Stored data>
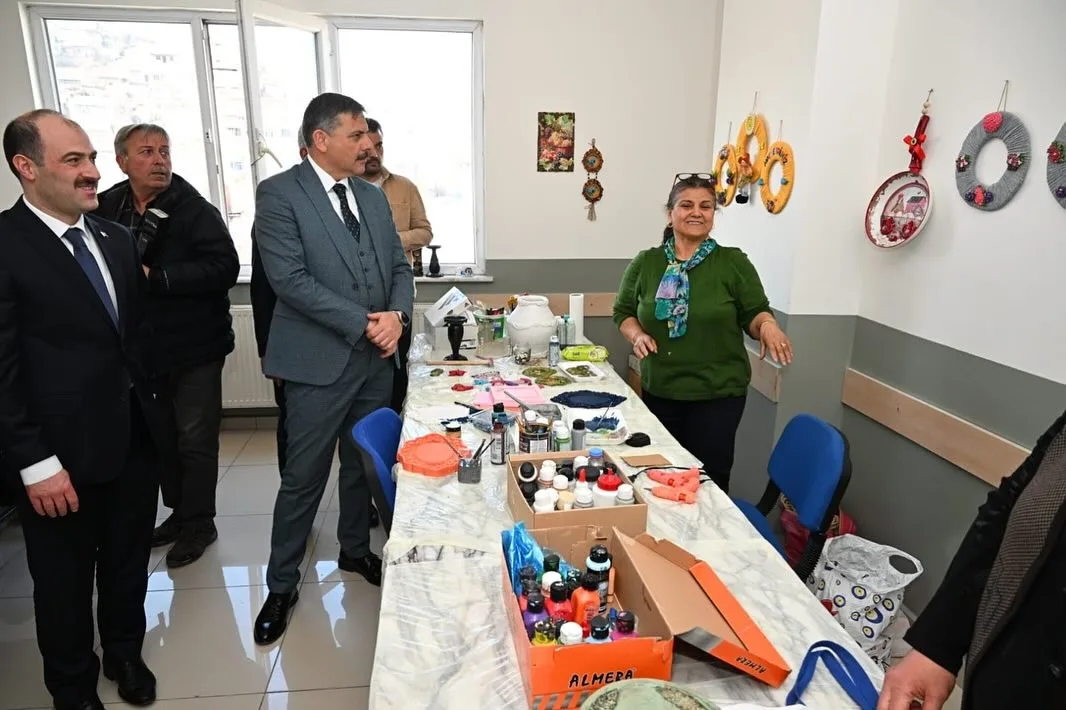 Erzurum Valisi Mustafa Çiftçi’de, Oltu ziyaretleri kapsamında Aile Destek Merkezi’ni (ADEM) ziyaret etti. Kadınların meslek edinerek üretime katılmalarını destekleyen Oltu ADEM, sosyal dayanışmanın ve istihdama katkının güzel bir örneğini oluşturuyor. 20-60 yaş aralığındaki kadınlara mesleki eğitim ve beceri kazandırmayı amaçlayan Oltu ADEM’de devam eden kurslar ve kursiyer sayıları şu şekilde; Kadın Etek Dikimi Kursu – 17 kursiyer, Kadın Üst Giysileri Dikimi Kursu – 17 kursiyer, Ahşap Boyama Kursu – 15 kursiyer, Oyun Odası Kursu – 12 kursiyer, Oyuncak Yapımı Kursu – 12 kursiyer, Nakış Kursu – 18 kursiyer, Özgün Baskı Kursu – 13 kursiyer, Takı Tasarımcısı & Oltu Taşı İşlemeciliği Kursu – 12 kursiyer ve Filografi Kursu – 17 kursiyer olmak üzere toplam kursiyer sayısı 133
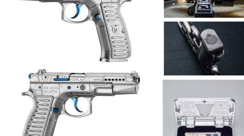 A klasszikus acéltokos 9 mm Luger kaliberű (16+1) CZ75 külső gravírozásai egy Spirfire vadászgép részleteit idézik, a kezelőszervek kék színben tündökölnek, és fel van rajta tüntetve a RAF jelmondata is: Per ardua ad astra – küzdelmen keresztül a csillagokba. A RAF címere pedig a tárfenékre került.
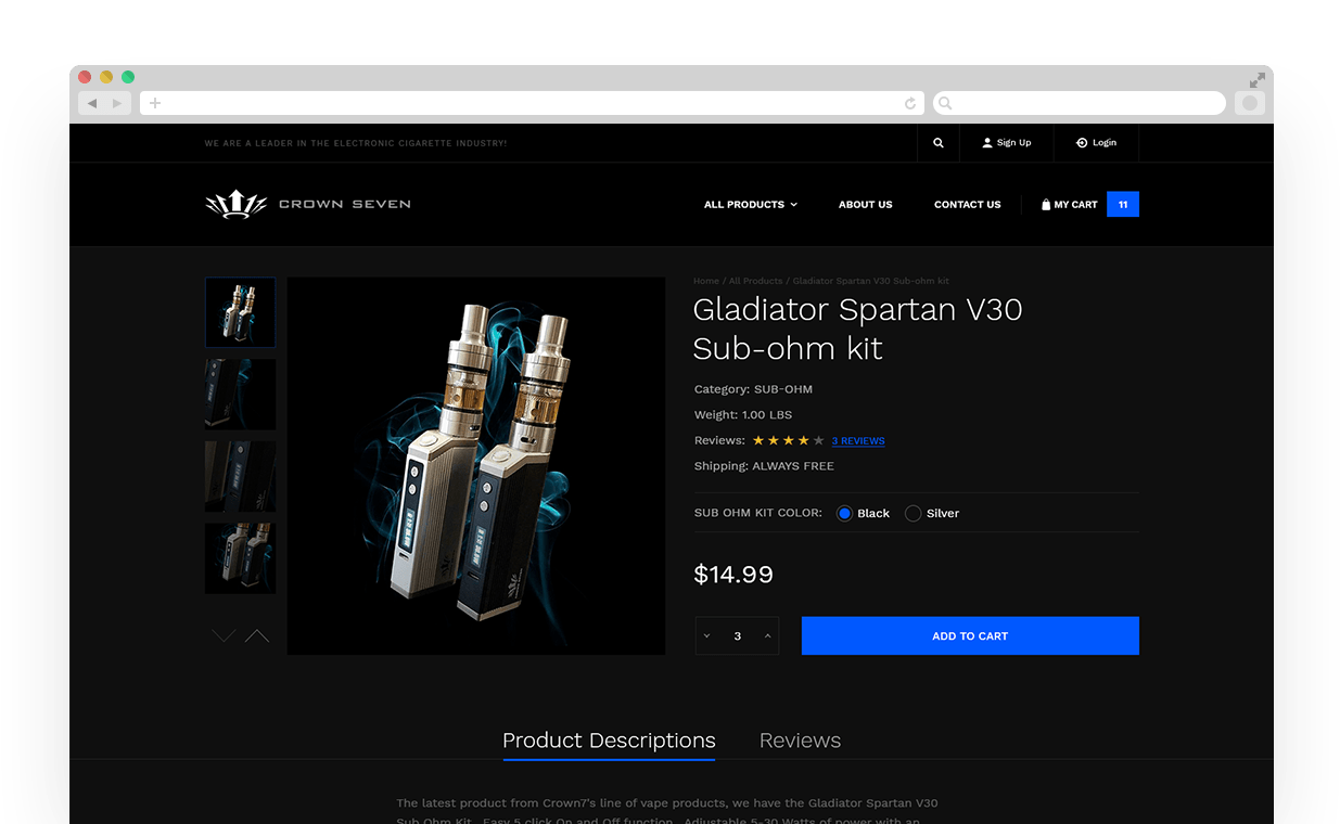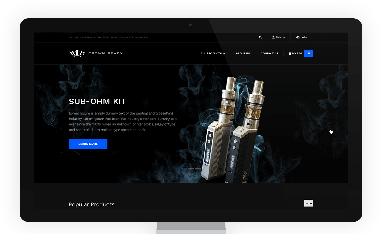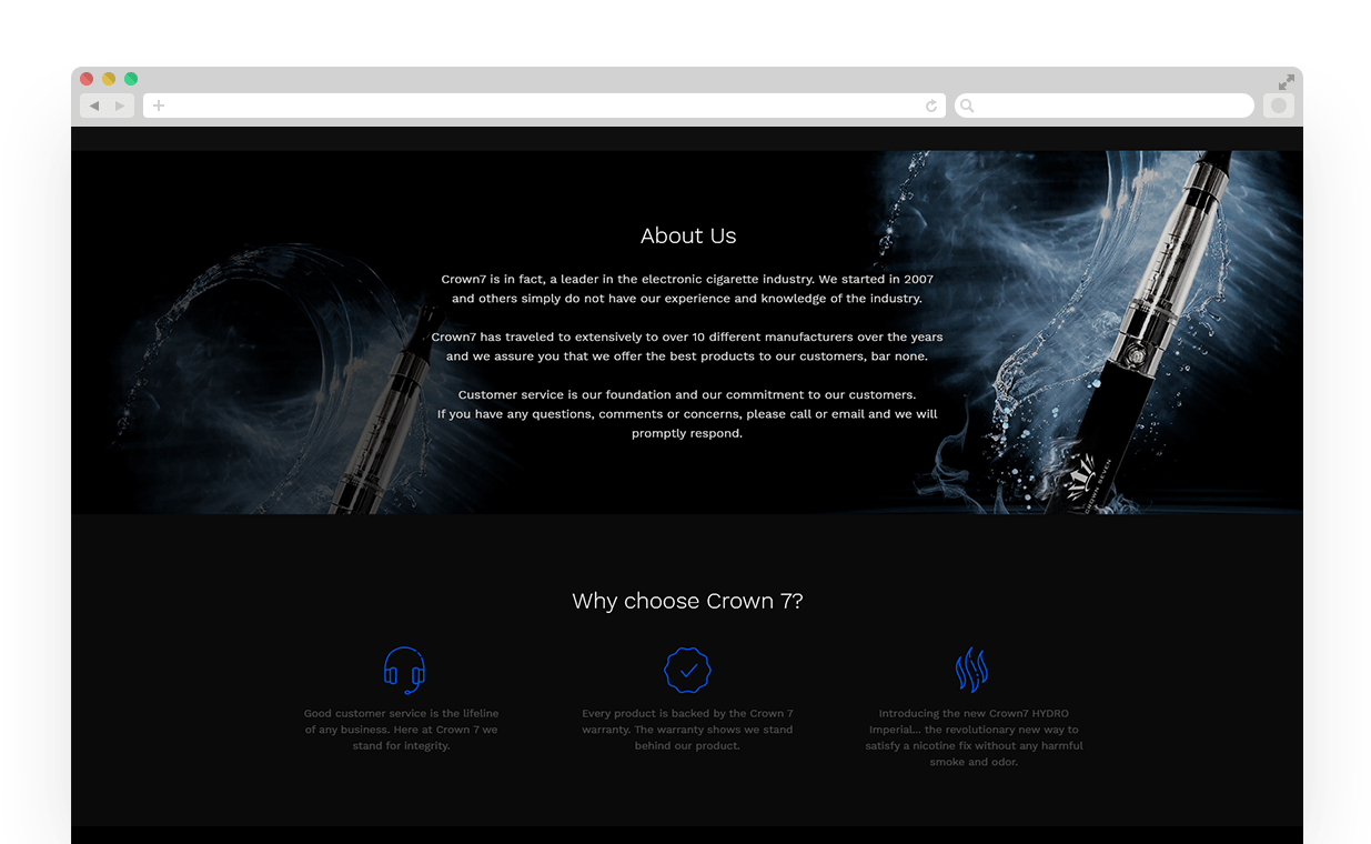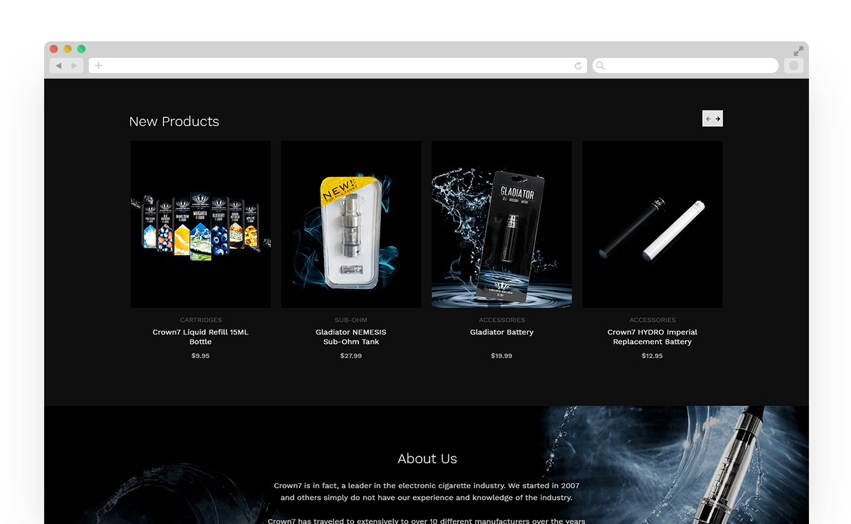 Crown7 is an industry leader in the eCig and vape industry. The Crown7.com website is built on the bigCommerce development platform and allows the administrator easy access to update site content, products and incoming online orders.

Task directions> Exactly as written, return each line above and leave the pictures behind.

Written solution>
 Erzurum Valisi Mustafa Çiftçi’de, Oltu ziyaretleri kapsamında Aile Destek Merkezi’ni (ADEM) ziyaret etti. Kadınların meslek edinerek üretime katılmalarını destekleyen Oltu ADEM, sosyal dayanışmanın ve istihdama katkının güzel bir örneğini oluşturuyor. 20-60 yaş aralığındaki kadınlara mesleki eğitim ve beceri kazandırmayı amaçlayan Oltu ADEM’de devam eden kurslar ve kursiyer sayıları şu şekilde; Kadın Etek Dikimi Kursu – 17 kursiyer, Kadın Üst Giysileri Dikimi Kursu – 17 kursiyer, Ahşap Boyama Kursu – 15 kursiyer, Oyun Odası Kursu – 12 kursiyer, Oyuncak Yapımı Kursu – 12 kursiyer, Nakış Kursu – 18 kursiyer, Özgün Baskı Kursu – 13 kursiyer, Takı Tasarımcısı & Oltu Taşı İşlemeciliği Kursu – 12 kursiyer ve Filografi Kursu – 17 kursiyer olmak üzere toplam kursiyer sayısı 133
 A klasszikus acéltokos 9 mm Luger kaliberű (16+1) CZ75 külső gravírozásai egy Spirfire vadászgép részleteit idézik, a kezelőszervek kék színben tündökölnek, és fel van rajta tüntetve a RAF jelmondata is: Per ardua ad astra – küzdelmen keresztül a csillagokba. A RAF címere pedig a tárfenékre került.
 Crown7 is an industry leader in the eCig and vape industry. The Crown7.com website is built on the bigCommerce development platform and allows the administrator easy access to update site content, products and incoming online orders.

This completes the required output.